Cris LaPierre on 11 Jan 2022
Edited: Cris LaPierre on 11 Jan 2022
See MATLAB Onramp Ch 5: Indexing and Modifying Arrays.
You might also find Ch 12: Programming helpful since it covers for loops.
For loops start with a declaration of a counter, which is automatically incremented each loop, and repeats a fixed number of times. Note that this approach assumes scrs only has 1 column of data. If that is not true, you will need to modify this approach.
for i = 1:size(scrs,2)
if scrs(i,:) ~= 1 || scrs(i,:) ~= 0
unclassifiable(i,:) = scrs(i,:);
disp('Unclassifiable nanoparticles detected.')
end
end
What you have written looks more like a while loop to me, which continue to loop as long as the conditional expression is true.

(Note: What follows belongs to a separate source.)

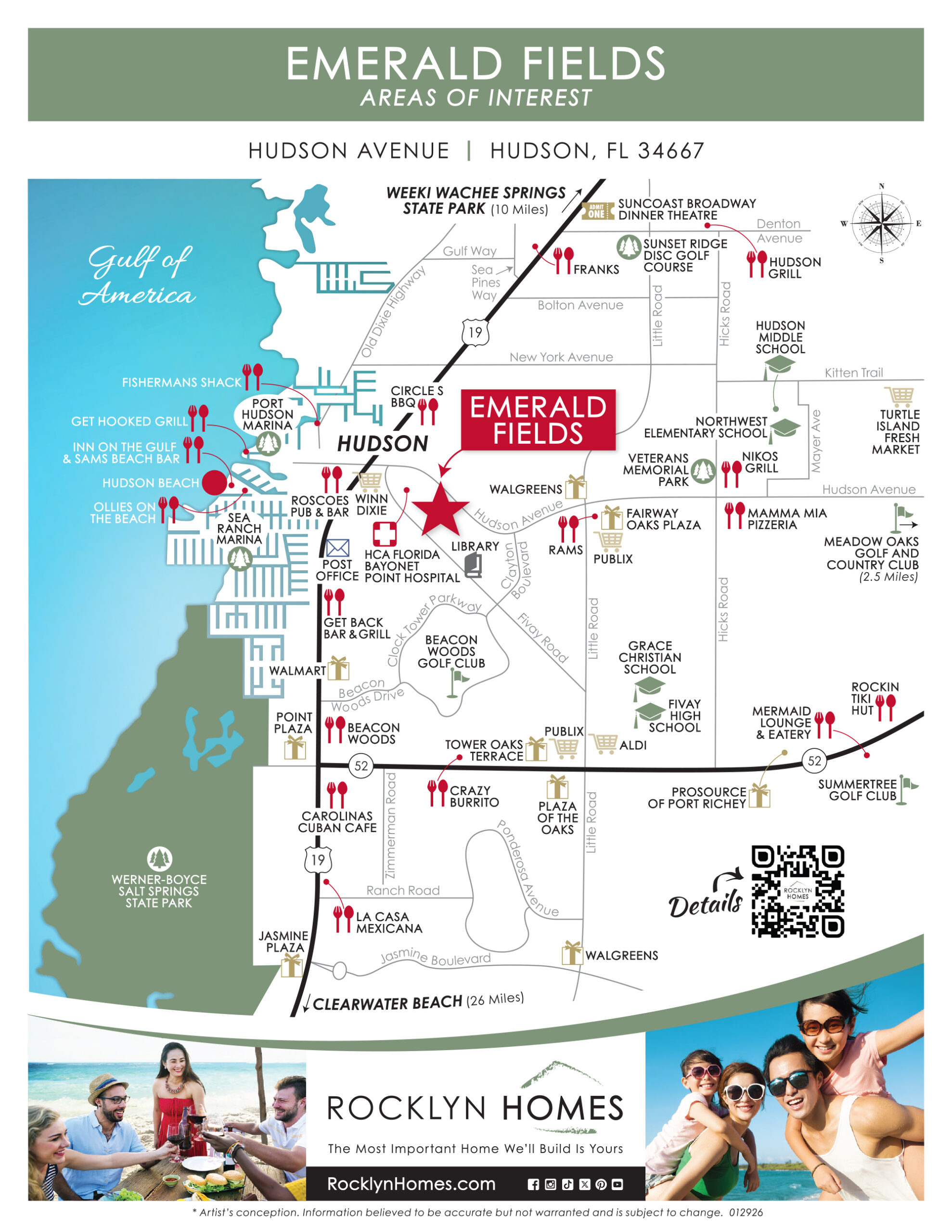 Emerald Fields offers a fantastic location with easy access to the best of Hudson, FL, and the Gulf Coast. Just a short drive away, you’ll find Hudson Beach, Sunwest Park, and Weeki Wachee Springs State Park, perfect for enjoying the outdoors. Shopping and dining are convenient with Publix, Walmart, and local favorites like Beacon Woods Golf Club and Mamma Mia Pizzeria nearby. For those seeking more adventure, Clearwater Beach is only 26 miles away, offering sand, surf, and sun just a short trip from home.

However, this stops looping the first time scrs is 1 or 0. Note that this approach assumes scrs only has 1 column of data. If that is not true, you will need to modify this approach.
i = 1;
while scrs(i,:) ~= 1 || scrs(i,:) ~= 0
unclassifiable(i,:) = scrs(i,:);
i = i+1;
disp('Unclassifiable nanoparticles detected.')
end
Not sure which one you want so try them both to understand the difference.
Raven Buckman on 11 Jan 2022
Thanks so much. I want it to keep looping throughout the entire matrix so this is quite helpful. Thank you.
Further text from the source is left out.